(ACTION ITEM)
Output range, inclusive: from the line containing "Đoàn Thanh niên" to the line containing "Весь интерьер коттеджа". Restate those lines from the data below word for word and only those.

(THE DATA)
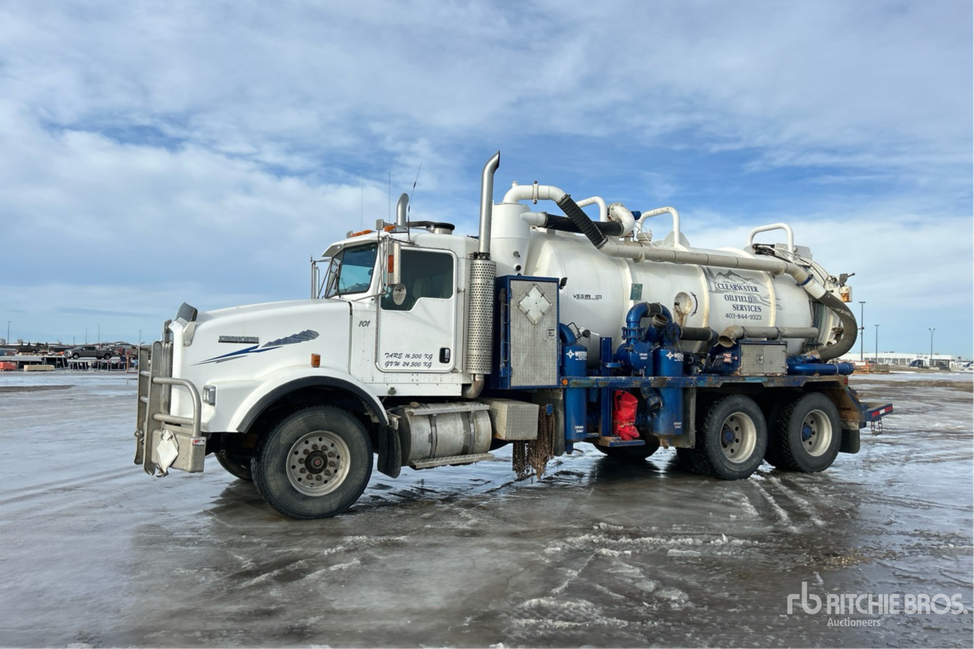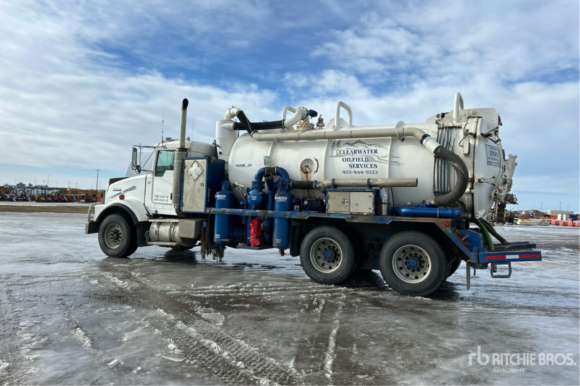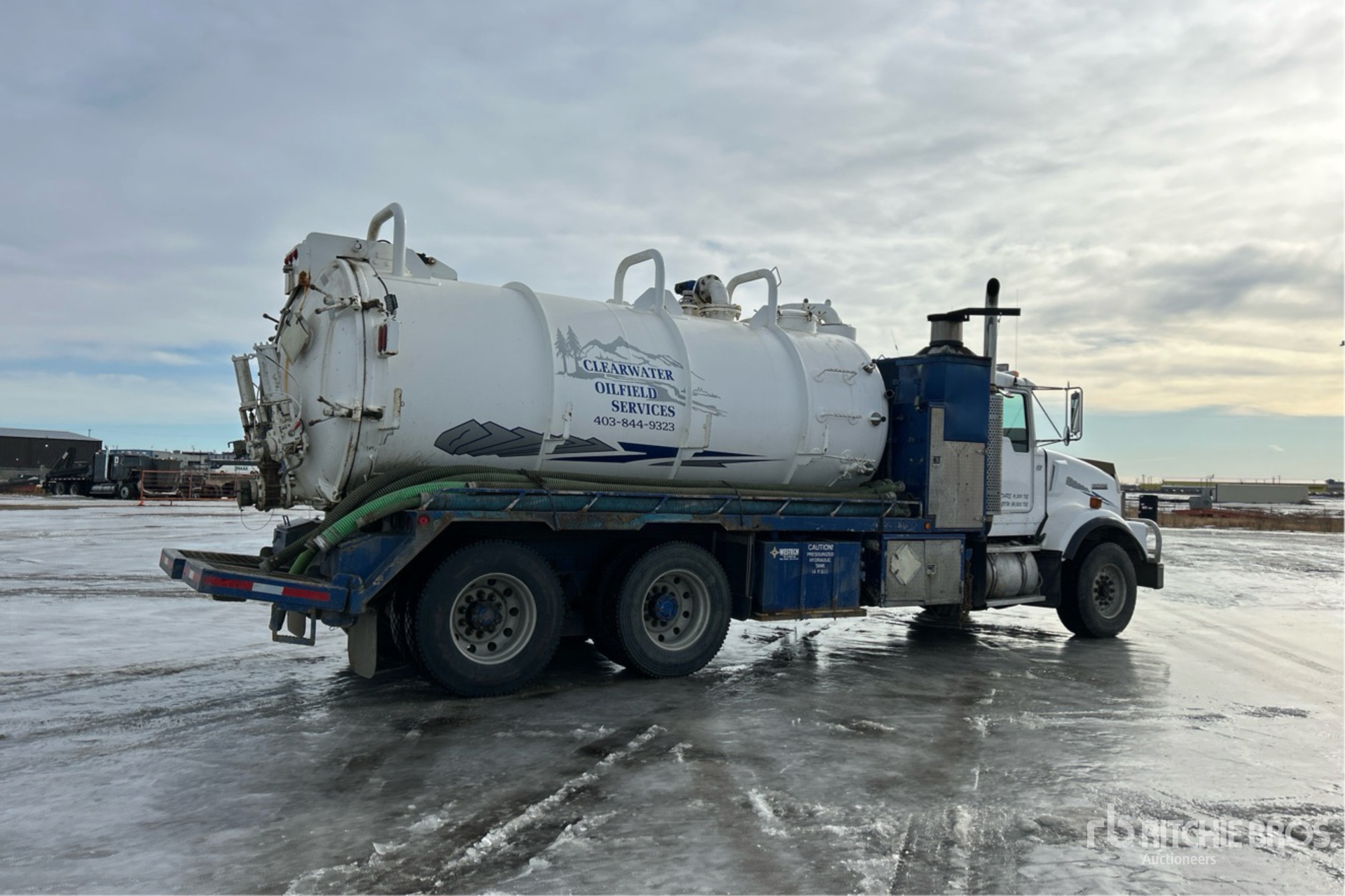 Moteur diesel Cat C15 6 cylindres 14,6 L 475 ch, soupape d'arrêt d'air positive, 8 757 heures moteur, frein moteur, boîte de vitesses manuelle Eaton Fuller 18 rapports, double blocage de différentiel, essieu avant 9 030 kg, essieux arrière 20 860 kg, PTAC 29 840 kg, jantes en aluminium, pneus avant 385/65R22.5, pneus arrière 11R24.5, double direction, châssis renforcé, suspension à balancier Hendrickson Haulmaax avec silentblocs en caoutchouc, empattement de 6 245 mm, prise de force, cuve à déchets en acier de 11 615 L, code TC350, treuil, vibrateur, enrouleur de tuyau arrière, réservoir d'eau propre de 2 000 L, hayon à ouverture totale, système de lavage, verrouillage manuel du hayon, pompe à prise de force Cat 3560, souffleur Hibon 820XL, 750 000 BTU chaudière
...
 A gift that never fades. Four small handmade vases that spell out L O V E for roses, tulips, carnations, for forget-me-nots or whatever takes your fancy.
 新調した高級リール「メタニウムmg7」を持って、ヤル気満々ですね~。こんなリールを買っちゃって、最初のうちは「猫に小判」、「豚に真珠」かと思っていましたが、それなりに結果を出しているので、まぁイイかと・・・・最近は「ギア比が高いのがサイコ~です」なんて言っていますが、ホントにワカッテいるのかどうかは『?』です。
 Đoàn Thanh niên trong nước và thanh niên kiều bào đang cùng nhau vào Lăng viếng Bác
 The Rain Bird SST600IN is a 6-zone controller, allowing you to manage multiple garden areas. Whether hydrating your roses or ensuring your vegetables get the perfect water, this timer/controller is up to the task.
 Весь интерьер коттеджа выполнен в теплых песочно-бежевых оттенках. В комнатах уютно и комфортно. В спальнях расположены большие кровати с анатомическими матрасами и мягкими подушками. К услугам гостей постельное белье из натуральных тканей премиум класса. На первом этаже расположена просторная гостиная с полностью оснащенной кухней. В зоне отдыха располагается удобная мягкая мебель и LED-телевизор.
==
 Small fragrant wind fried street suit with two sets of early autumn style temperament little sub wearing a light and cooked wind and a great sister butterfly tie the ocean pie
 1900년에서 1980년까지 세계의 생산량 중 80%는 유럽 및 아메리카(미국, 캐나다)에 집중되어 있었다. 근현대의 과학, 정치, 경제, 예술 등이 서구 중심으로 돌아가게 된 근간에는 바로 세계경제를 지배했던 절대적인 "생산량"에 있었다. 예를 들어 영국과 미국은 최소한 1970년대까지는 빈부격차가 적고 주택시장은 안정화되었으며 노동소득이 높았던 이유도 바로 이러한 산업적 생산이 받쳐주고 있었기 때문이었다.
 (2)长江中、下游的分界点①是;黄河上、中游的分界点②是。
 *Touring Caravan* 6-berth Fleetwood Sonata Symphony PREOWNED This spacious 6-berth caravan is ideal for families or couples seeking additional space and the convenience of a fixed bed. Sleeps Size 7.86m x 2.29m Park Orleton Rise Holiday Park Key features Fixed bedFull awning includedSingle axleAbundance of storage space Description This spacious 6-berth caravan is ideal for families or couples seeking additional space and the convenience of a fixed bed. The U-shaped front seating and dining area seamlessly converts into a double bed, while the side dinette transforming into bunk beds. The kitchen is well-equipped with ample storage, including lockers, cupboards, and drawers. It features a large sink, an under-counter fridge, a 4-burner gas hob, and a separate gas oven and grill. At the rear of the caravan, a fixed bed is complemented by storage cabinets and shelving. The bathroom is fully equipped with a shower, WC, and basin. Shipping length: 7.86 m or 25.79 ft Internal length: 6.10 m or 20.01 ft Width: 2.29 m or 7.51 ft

(EXERCISE RESULT)
 Đoàn Thanh niên trong nước và thanh niên kiều bào đang cùng nhau vào Lăng viếng Bác
 The Rain Bird SST600IN is a 6-zone controller, allowing you to manage multiple garden areas. Whether hydrating your roses or ensuring your vegetables get the perfect water, this timer/controller is up to the task.
 Весь интерьер коттеджа выполнен в теплых песочно-бежевых оттенках. В комнатах уютно и комфортно. В спальнях расположены большие кровати с анатомическими матрасами и мягкими подушками. К услугам гостей постельное белье из натуральных тканей премиум класса. На первом этаже расположена просторная гостиная с полностью оснащенной кухней. В зоне отдыха располагается удобная мягкая мебель и LED-телевизор.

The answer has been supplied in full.